Proteobacteria and Actinobacteria were the most abundant phyla in soil bacterial communities and were powerful competitors in carbon utilization (Fierer et al., 2007; Ganz et al., 2012), exhibiting rapid growth in carbon-enriched soil (Goldfarb et al., 2011). The abundance of Proteobacteria and Actinobacteria indicated that all revegetation methods in our study had relatively enough soil carbon. At the class level, Actinobacteria was the most abundant (Supplementary Figure S4), and their competitive advantage was evident through their production of antibiotics (D’Costa et al., 2007) and a multitude of degradative capabilities (Zhou et al., 2017). With the accumulation of soil organic matter and nutrients, the relative abundance of Actinobacteria decreased and Proteobacteria increased (Figures 1, 2), which may be caused by the increase in available nutrients (Zeng et al., 2017).

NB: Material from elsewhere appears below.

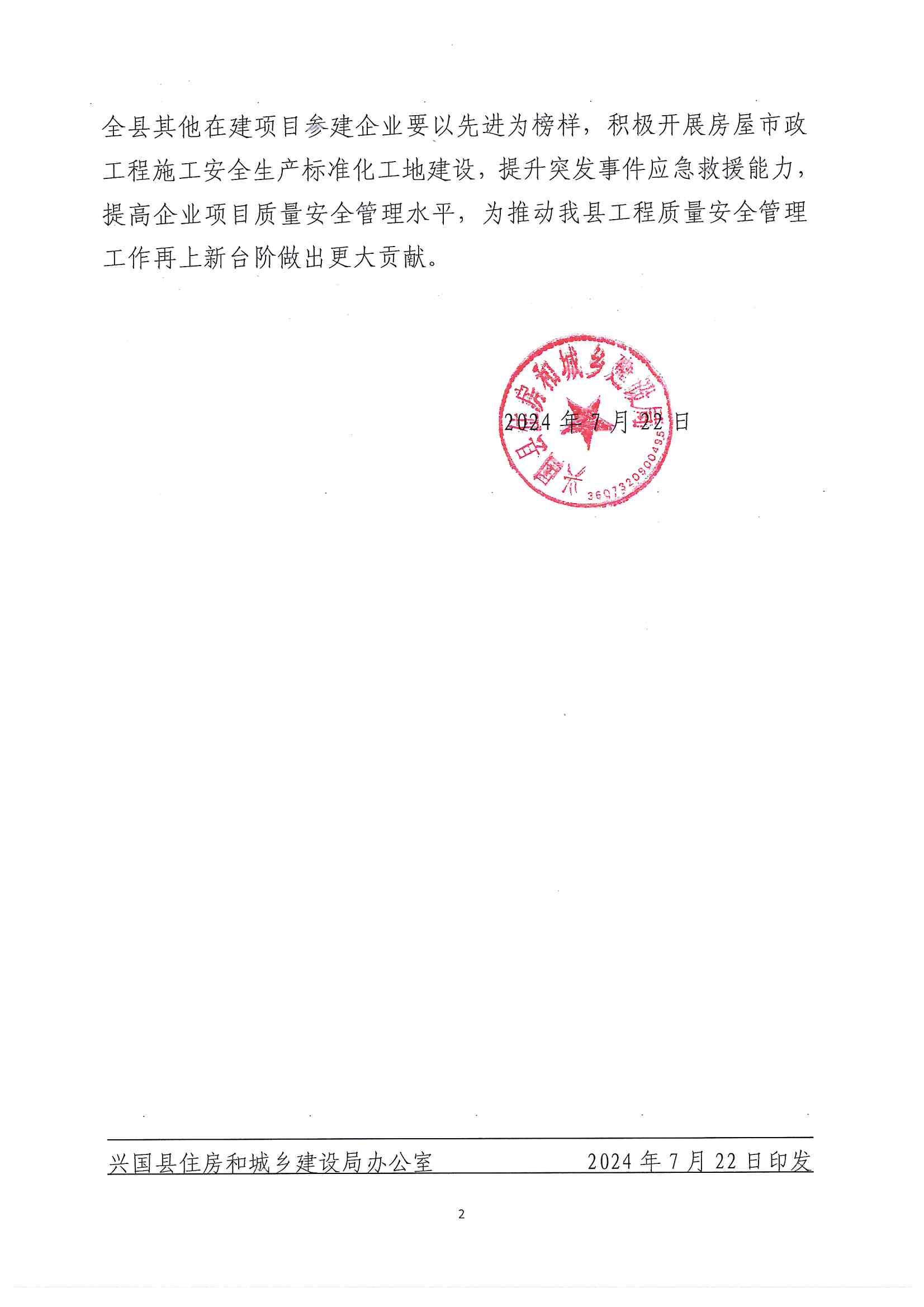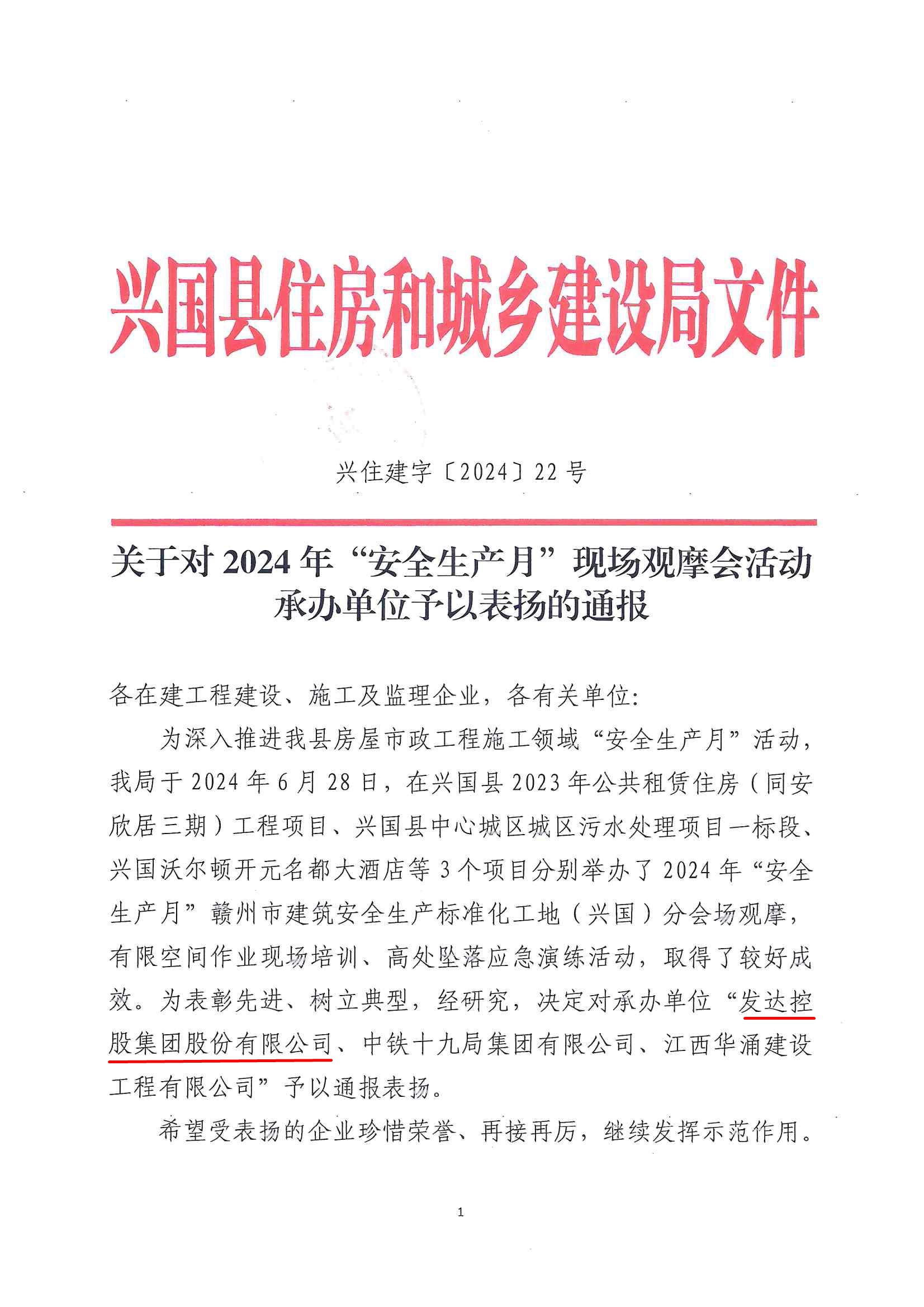 近日,興國縣住房和城鄉(xiāng)建設局對集團承辦2024年“安全生產月”贛州市建筑安全生產標準化工地(興國)分會場觀摩會予以通報表揚。

Significant relationships of N:P and C:P with bacterial genera except most dominant genera were observed, which indicated that the variables associated with phosphorus availability may be crucial determinants of bacterial community structure, and the dominant bacterial taxa had the preference of phosphorus. Plant diversity had significant positive effects on some soil bacterial genera, especially the most abundant bacterial genus, Micromonospora, which indicated that revegetation with an abundance of plant species could improve the growth of soil bacteria (Figure 4). The tight connection between soil bacterial genera and plant diversity indices indicated that plant diversity participated in shaping the soil bacterial community (Table 3). The bacterial Shannon–Wiener index was significantly negatively correlated with plant Shannon–Wiener and Simpson indices (Supplementary Figure S6), which indicated that higher plant diversity does not necessarily promote soil bacterial diversity at the intermediate stage of revegetation. An imbalanced fertilization experiment found the percentage of Acidobacteria abundance had a positive correlation with potassium and negative correlation with calcium (Eo and Park, 2016), but we did not find the same correlations in our study (Table 3). The reason might be that high calcium in karst region suppressed the uptake of potassium by Acidobacteria taxa. They also found the percentages of Chloroflexi were positively correlated with pH and negatively correlated with nitrate concentration (Eo and Park, 2016), but we did not observe these correlations (Table 3). The possible reasons for this difference could be that our soil was lacking nitrates and a high pH may suppress the growth of Chloroflexi (Deng et al., 2018). Firmicutes was found to be more adaptable to dry and cold soil environments and used limited soil nutrients (Zhu et al., 2017), while under a humid subtropical climate the abundance of Firmicutes was lower (Figure 2). Zhu et al. (2017) also found that Gemmatimonadetes was more suitable for living in low soil water content environment. Thus, it is likely that the sites AC, ZG, and GM had the lowest abundance of Gemmatimonadetes due to their deep soil and potential to hold water. The Bacillus class, the predominant bacteria for their phosphate-solubilizing abilities, had low abundance in our soil (Supplementary Figure S3) and further indicated that our soils were deficient in phosphorus (Figure 2).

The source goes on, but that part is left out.